With Windows 8.1 Update, Microsoft officials designed Windows around a set of profiles based on the hardware specifications of the devices in use. Certain devices running Windows 8.1 Update include Power and Search buttons on the Metro-style Start screen; others don’t. Some of those running Windows 8.1 Update have their machines start up by default in the Desktop/Win32 legacy environment, while others on touch/mobile-first devices start up in the Metro-Style Start Menu by default.
According to my sources, Microsoft will continue in this vein with Windows Threshold. The Threshold OS will look and work differently based on hardware type.
Users running Threshold on a desktop/laptop will get a SKU, or version, that puts the Windows Desktop (for running Win32/legacy apps) front and center. Two-in-one devices, like the Lenovo Yoga or Surface Pro, will support switching between the Metro-Style mode and the Windowed mode, based on whether or not keyboards are connected or disconnected.
The combined Phone/Tablet SKU of Threshold won’t have a Desktop environment at all, but still will support apps running side-by-side, my sources are reconfirming. This “Threshold Mobile” SKU will work on ARM-based Lumia phones, ARM-based Windows tablets and, I believe, Intel-Atom-based tablets.
One of Microsoft’s primary missions with Threshold is to try to undo the usability mistakes made with Windows 8 for those who prefer and/or are stuck with devices that are not touch-first and for which keyboard/mouse use is of central importance.
The Desktop/laptop SKU of Threshold will include, as previously rumored, the Mini-Start menu — a new version of the traditional Microsoft Start menu, an early concept of which Microsoft showed off at the company’s Build developers conference in April. It also will include the ability to run Metro-Style/Windows Store apps in windows on the Desktop. Will it turn off completely the Metro-Style Start screen with its live-tile interface, as Neowin is reporting, and make the tiled Start Menu a toggleable option from the Mini Start menu? I’m not sure, but I wouldn’t be surprised.

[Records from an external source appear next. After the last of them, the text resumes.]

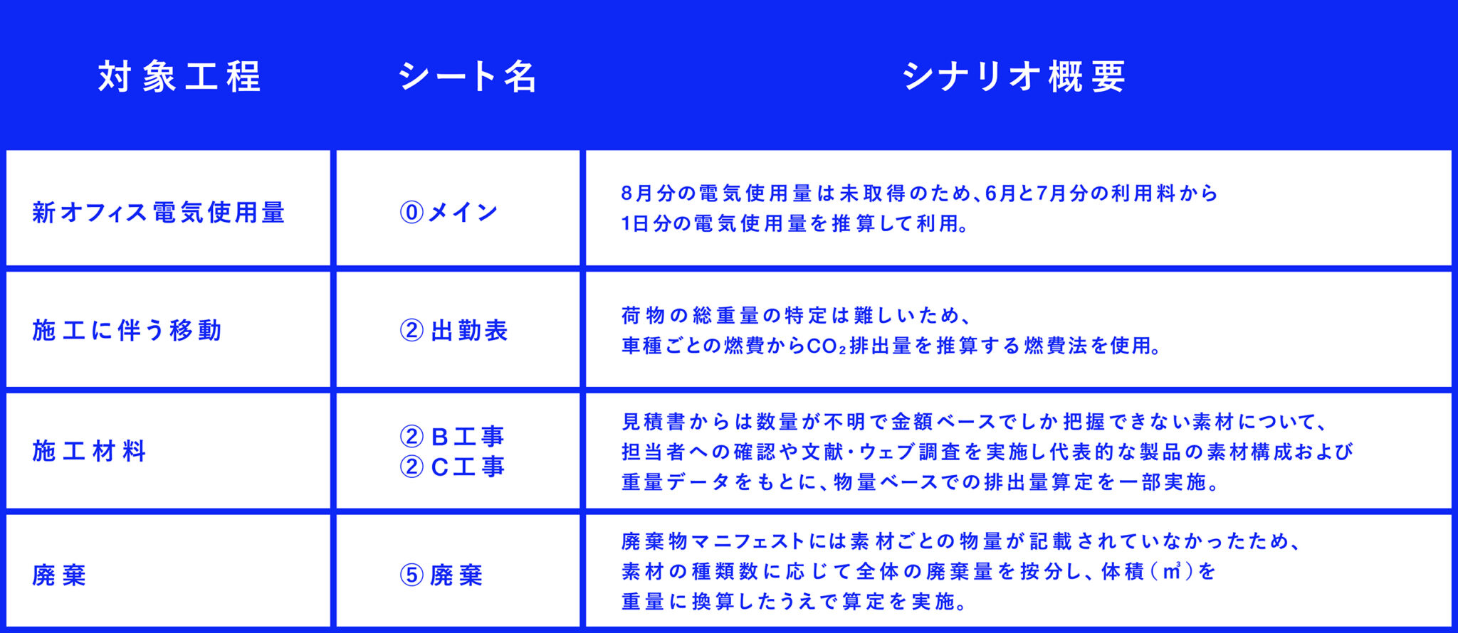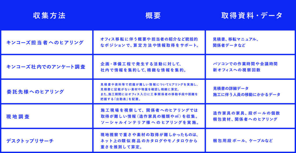 例えば、移転準備に伴うパソコン作業や会議時間まで、感覚的な推測ではなく、活動量を都度収集・記録。これにより、より現実に近い排出量を算出しました。また、作業を担っていただいた業者様にも直接ヒアリングを行い、「見積書ベース」ではなく「物量ベース」での算定を実現。施工や輸送など工程が多岐にわたる部分についても、輸送管理シートや出勤表を活用。電話での聞き取りを通じて、実査に近い信頼性の高いデータ収集を実現しています。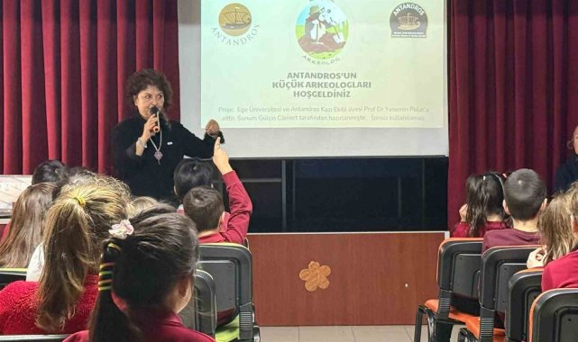 Antandros Derneği Başkanı Gülçin Cömert ve beraberindeki heyet, Edremit'te ilkokul öğrencileriyle bir araya gelerek Antandros Antik Kenti ve kültürel miras konularında bilgilendirme yaptı.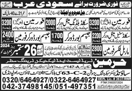 Sound Lines Recruiting Promotion jobs advertisement dated about 26 September 2024 in daily Express Newspaper invites application for the vacant post of foreman, building metal worker, marble fixer foreman, skilled building metal worker, gypsum board worker foreman, skilled steel metal worker, steel metal worker foreman and gypsum board worker in Madina, makkah Saudi Arabia. Candidates with Bachelor, Intermediate, DAE and Matric etc. educational background will be preferred.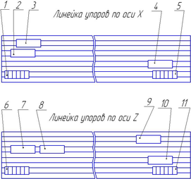 Упор 3 – для изменения скорости перемещения ползушки при выходе в «0» по оси X.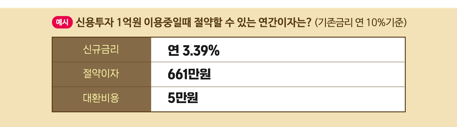사용기간이 늘어나 금리가 점점 올라가서 금리가 부담일때 금리가 낮은 증권사로 갈아탈 수 있게 도와드립니다.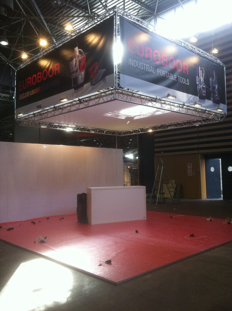 Ce stand spacieux et lumineux met en valeur le mobilier grâce à des murs blancs minimaliste et une disposition ouverte. Une structure en treillis métallique suspendue au-dessus apporte une touche moderne, tout en intégrant l'éclairage, créant en espace à la fois fonctionner et sophistiqué.

Between now and Threshold: What’s next?
Before Threshold is released next spring, Microsoft is expected to deliver a public preview of the Threshold release, most likely in the fall of 2014, my sources say.
And before that, Microsoft will deliver a second and final update for Windows 8.1. As Microsoft officials decided earlier this year to make the Mini Start Menu part of Threshold instead of Update 2, there’s not a whole lot of new features of note coming in Update 2. There may be some UI adjustments and tweaks, but nothing hugely noticeable, my sources claim.

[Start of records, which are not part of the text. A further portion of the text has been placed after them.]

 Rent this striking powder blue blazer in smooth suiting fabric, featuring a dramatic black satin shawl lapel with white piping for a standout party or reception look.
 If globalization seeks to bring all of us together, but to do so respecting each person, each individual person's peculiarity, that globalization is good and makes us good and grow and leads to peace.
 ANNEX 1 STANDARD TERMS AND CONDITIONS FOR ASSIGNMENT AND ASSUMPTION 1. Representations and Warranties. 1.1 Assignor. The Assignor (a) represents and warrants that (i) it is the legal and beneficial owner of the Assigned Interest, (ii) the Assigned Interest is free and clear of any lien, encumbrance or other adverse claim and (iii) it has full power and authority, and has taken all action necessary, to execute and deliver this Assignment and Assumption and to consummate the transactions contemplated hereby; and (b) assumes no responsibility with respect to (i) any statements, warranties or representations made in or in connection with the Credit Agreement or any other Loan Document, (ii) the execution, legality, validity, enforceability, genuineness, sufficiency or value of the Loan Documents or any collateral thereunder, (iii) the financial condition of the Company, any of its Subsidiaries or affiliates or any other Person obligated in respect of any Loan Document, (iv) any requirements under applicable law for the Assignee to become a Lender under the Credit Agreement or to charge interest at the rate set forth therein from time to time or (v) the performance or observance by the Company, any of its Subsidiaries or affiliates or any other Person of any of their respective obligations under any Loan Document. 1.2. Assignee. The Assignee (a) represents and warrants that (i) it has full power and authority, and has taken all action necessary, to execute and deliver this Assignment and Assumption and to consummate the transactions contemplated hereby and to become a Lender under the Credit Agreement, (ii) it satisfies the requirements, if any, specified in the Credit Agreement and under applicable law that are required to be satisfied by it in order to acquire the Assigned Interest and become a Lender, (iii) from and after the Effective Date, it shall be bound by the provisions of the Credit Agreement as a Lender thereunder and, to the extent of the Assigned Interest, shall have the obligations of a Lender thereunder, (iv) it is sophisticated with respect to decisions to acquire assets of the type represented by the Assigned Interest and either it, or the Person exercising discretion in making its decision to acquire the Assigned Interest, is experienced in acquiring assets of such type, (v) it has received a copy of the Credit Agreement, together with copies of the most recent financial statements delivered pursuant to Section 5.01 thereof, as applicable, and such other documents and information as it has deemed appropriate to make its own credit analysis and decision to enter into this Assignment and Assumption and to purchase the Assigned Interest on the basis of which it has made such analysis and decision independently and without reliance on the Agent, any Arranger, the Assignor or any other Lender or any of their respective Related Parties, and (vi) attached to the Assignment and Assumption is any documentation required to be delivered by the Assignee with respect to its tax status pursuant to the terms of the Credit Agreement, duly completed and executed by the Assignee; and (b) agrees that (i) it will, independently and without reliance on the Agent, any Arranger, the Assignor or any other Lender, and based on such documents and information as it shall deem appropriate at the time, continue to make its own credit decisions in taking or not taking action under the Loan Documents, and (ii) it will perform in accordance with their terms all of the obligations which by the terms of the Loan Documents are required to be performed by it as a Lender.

Windows 8.1 Update 2 should be code complete any time now and will be locked down about two weeks before August Patch Tuesday, my sources say. (August Patch Tuesday is on August 12.) Microsoft may opt to not make a big deal out of Update 2 and just push it out quietly as part of the set of August patches, I hear.
The Microsoft OS team is hoping to get as many Windows 7 users moved to Windows 7 Service Pack 1 and Windows 8 users to Windows 8.1 Update in preparation for (hopefully) getting them to move to Threshold once it is out. It’s still early in the Windows development cycle for Microsoft to have decided on packaging, pricing and distribution, but my sources say, at this point, that Windows Threshold is looking like it could be free to all Windows 8.1 Update and maybe even Windows 7 Service Pack 1 users.
Microsoft is basically “done” with Windows 8.x. Regardless of how usable or functional it is or isn’t, it has become Microsoft’s Vista — something from which Microsoft needs to distance itself, perception-wise. At this point, Microsoft is going full steam-ahead toward Threshold and will do its best to differentiate that OS release from Windows 8.